Al-Kateb V Godwin - Consequences

Consequences

As a result of the decision, Al-Kateb had to return to immigration detention. Claire O'Connor, Al-Kateb's lawyer, said that "The effect of this decision is that will be locked up until a state of Palestine is created or some other Middle Eastern state is willing to have him. It's taken 51 years so far. I'm not holding my breath."

The decision sparked much controversy about the scope of the mandatory detention laws. Along with the two other immigration detention decisions handed down on that day, the case prompted several political leaders, including the then Federal President of the Australian Labor Party Carmen Lawrence, and Australian Democrats leader Senator Andrew Bartlett, to call for an Australian bill of rights. The executive director of the Sydney Institute, Gerard Henderson, said that the case demonstrated "the need for empathy in public policy".

However, the case also aroused controversy about the court itself. David Marr described the four to three decision as indicating a new division in the composition of the court, the "liberty divide", and noted that the result on the liberty question moved the court in the opposite direction to the contemporary trends of the Supreme Court of the United States and the House of Lords. Arthur Glass observed that the minority judges began their judgments from the position that indefinite non-judicial detention and the curtailment of personal freedom were troubling consequences, and noted that "as is not uncommon in statutory construction, where you start from is critical to where you end up." Marr accused the majority of deciding that "saving Australia from boat people counts for more than Al-Kateb's raw liberty."

The controversy resulted in pressure on the new Immigration Minister Amanda Vanstone, who agreed to review the cases of twenty-four stateless people in immigration detention, and ultimately granted bridging visas to nine people including Al-Kateb, allowing them to be released into the community.
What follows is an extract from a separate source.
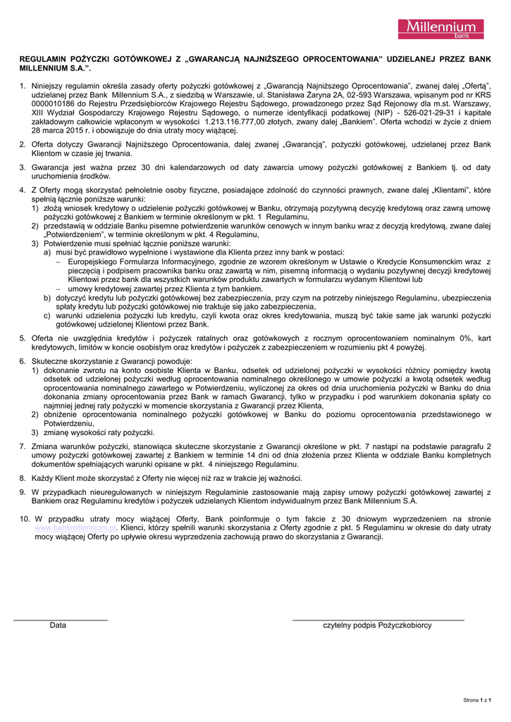REGULAMIN POŻYCZKI GOTÓWKOWEJ Z „GWARANCJĄ NAJNIŻSZEGO OPROCENTOWANIA” UDZIELANEJ PRZEZ BANK MILLENNIUM S.A.”. 1. Niniejszy regulamin określa zasady oferty pożyczki gotówkowej z „Gwarancją Najniższego Oprocentowania”, zwanej dalej „Ofertą”, udzielanej przez Bank Millennium S.A., z siedzibą w Warszawie, ul. Stanisława Żaryna 2A, 02-593 Warszawa, wpisanym pod nr KRS 0000010186 do Rejestru Przedsiębiorców Krajowego Rejestru Sądowego, prowadzonego przez Sąd Rejonowy dla m.st. Warszawy, XIII Wydział Gospodarczy Krajowego Rejestru Sądowego, o numerze identyfikacji podatkowej (NIP) - 526-021-29-31 i kapitale zakładowym całkowicie wpłaconym w wysokości 1.213.116.777,00 złotych, zwany dalej „Bankiem”. Oferta wchodzi w życie z dniem 28 marca 2015 r. i obowiązuje do dnia utraty mocy wiążącej. 2. Oferta dotyczy Gwarancji Najniższego Oprocentowania, dalej zwanej „Gwarancją”, pożyczki gotówkowej, udzielanej przez Bank Klientom w czasie jej trwania. 3. Gwarancja jest ważna przez 30 dni kalendarzowych od daty zawarcia umowy pożyczki gotówkowej z Bankiem tj. od daty uruchomienia środków. 4. Z Oferty mogą skorzystać pełnoletnie osoby fizyczne, posiadające zdolność do czynności prawnych, zwane dalej „Klientami”, które spełnią łącznie poniższe warunki: 1) złożą wniosek kredytowy o udzielenie pożyczki gotówkowej w Banku, otrzymają pozytywną decyzję kredytową oraz zawrą umowę pożyczki gotówkowej z Bankiem w terminie określonym w pkt. 1 Regulaminu, 2) przedstawią w oddziale Banku pisemne potwierdzenie warunków cenowych w innym banku wraz z decyzją kredytową, zwane dalej „Potwierdzeniem”, w terminie określonym w pkt. 4 Regulaminu, 3) Potwierdzenie musi spełniać łącznie poniższe warunki: a) musi być prawidłowo wypełnione i wystawione dla Klienta przez inny bank w postaci: Europejskiego Formularza Informacyjnego, zgodnie ze wzorem określonym w Ustawie o Kredycie Konsumenckim wraz z pieczęcią i podpisem pracownika banku oraz zawartą w nim, pisemną informacją o wydaniu pozytywnej decyzji kredytowej Klientowi przez bank dla wszystkich warunków produktu zawartych w formularzu wydanym Klientowi lub umowy kredytowej zawartej przez Klienta z tym bankiem. b) dotyczyć kredytu lub pożyczki gotówkowej bez zabezpieczenia, przy czym na potrzeby niniejszego Regulaminu, ubezpieczenia spłaty kredytu lub pożyczki gotówkowej nie traktuje się jako zabezpieczenia, c) warunki udzielenia pożyczki lub kredytu, czyli kwota oraz okres kredytowania, muszą być takie same jak warunki pożyczki gotówkowej udzielonej Klientowi przez Bank. 5. Oferta nie uwzględnia kredytów i pożyczek ratalnych oraz gotówkowych z rocznym oprocentowaniem nominalnym 0%, kart kredytowych, limitów w koncie osobistym oraz kredytów i pożyczek z zabezpieczeniem w rozumieniu pkt 4 powyżej. 6. Skuteczne skorzystanie z Gwarancji powoduje: 1) dokonanie zwrotu na konto osobiste Klienta w Banku, odsetek od udzielonej pożyczki w wysokości różnicy pomiędzy kwotą odsetek od udzielonej pożyczki według oprocentowania nominalnego określonego w umowie pożyczki a kwotą odsetek według oprocentowania nominalnego zawartego w Potwierdzeniu, wyliczonej za okres od dnia uruchomienia pożyczki w Banku do dnia dokonania zmiany oprocentowania przez Bank w ramach Gwarancji, tylko w przypadku i pod warunkiem dokonania spłaty co najmniej jednej raty pożyczki w momencie skorzystania z Gwarancji przez Klienta, 2) obniżenie oprocentowania nominalnego pożyczki gotówkowej w Banku do poziomu oprocentowania przedstawionego w Potwierdzeniu, 3) zmianę wysokości raty pożyczki. 7. Zmiana warunków pożyczki, stanowiąca skuteczne skorzystanie z Gwarancji określone w pkt. 7 nastąpi na podstawie paragrafu 2 umowy pożyczki gotówkowej zawartej z Bankiem w terminie 14 dni od dnia złożenia przez Klienta w oddziale Banku kompletnych dokumentów spełniających warunki opisane w pkt. 4 niniejszego Regulaminu. 8. Każdy Klient może skorzystać z Oferty nie więcej niż raz w trakcie jej ważności. 9. W przypadkach nieuregulowanych w niniejszym Regulaminie zastosowanie mają zapisy umowy pożyczki gotówkowej zawartej z Bankiem oraz Regulaminu kredytów i pożyczek udzielanych Klientom indywidualnym przez Bank Millennium S.A. 10. W przypadku utraty mocy wiążącej Oferty, Bank poinformuje o tym fakcie z 30 dniowym wyprzedzeniem na stronie www.bankmillennium.pl. Klienci, którzy spełnili warunki skorzystania z Oferty zgodnie z pkt. 5 Regulaminu w okresie do daty utraty mocy wiążącej Oferty po upływie okresu wyprzedzenia zachowują prawo do skorzystania z Gwarancji. ______________________ Data ________________________________________ czytelny podpis Pożyczkobiorcy Strona 1 z 1

However, the conditions of the bridging visas did not permit holders to work, study, obtain social security benefits or receive healthcare from Medicare, and Al-Kateb remained entirely dependent on donations from friends and supporters to survive. Al-Kateb said of his situation, "We just walking in a big detention. And we are all the time worried that they will send us back to detention again… It's like a death punishment."

In a 2005 speech to the Law Society of the University of Sydney, Justice McHugh reiterated his view of the case as a tragic situation, and said that it was necessary for "the informed and impassioned" to seek reforms to legislation to protect individual rights, since the absence of a bill of rights limited the ability of the courts to protect rights. McHugh said that cases in countries such as the United Kingdom, in which courts had found that indefinite administrative detention was not lawful, were based on bills of rights or other instruments such as the European Convention on Human Rights, and lamented that without such instruments, Australian courts are "not empowered to be as active as the Supreme Court of the United States or the House of Lords in the defence of the fundamental principles of human rights."

In response to McHugh's speech, Chief Justice Gleeson said that the issue of whether or not Australia should have a bill of rights was a purely political one, and not a matter for the courts. Gleeson said that while he had personal political views on the matter, "It doesn't serve the community for a serving Chief Justice to enter that arena."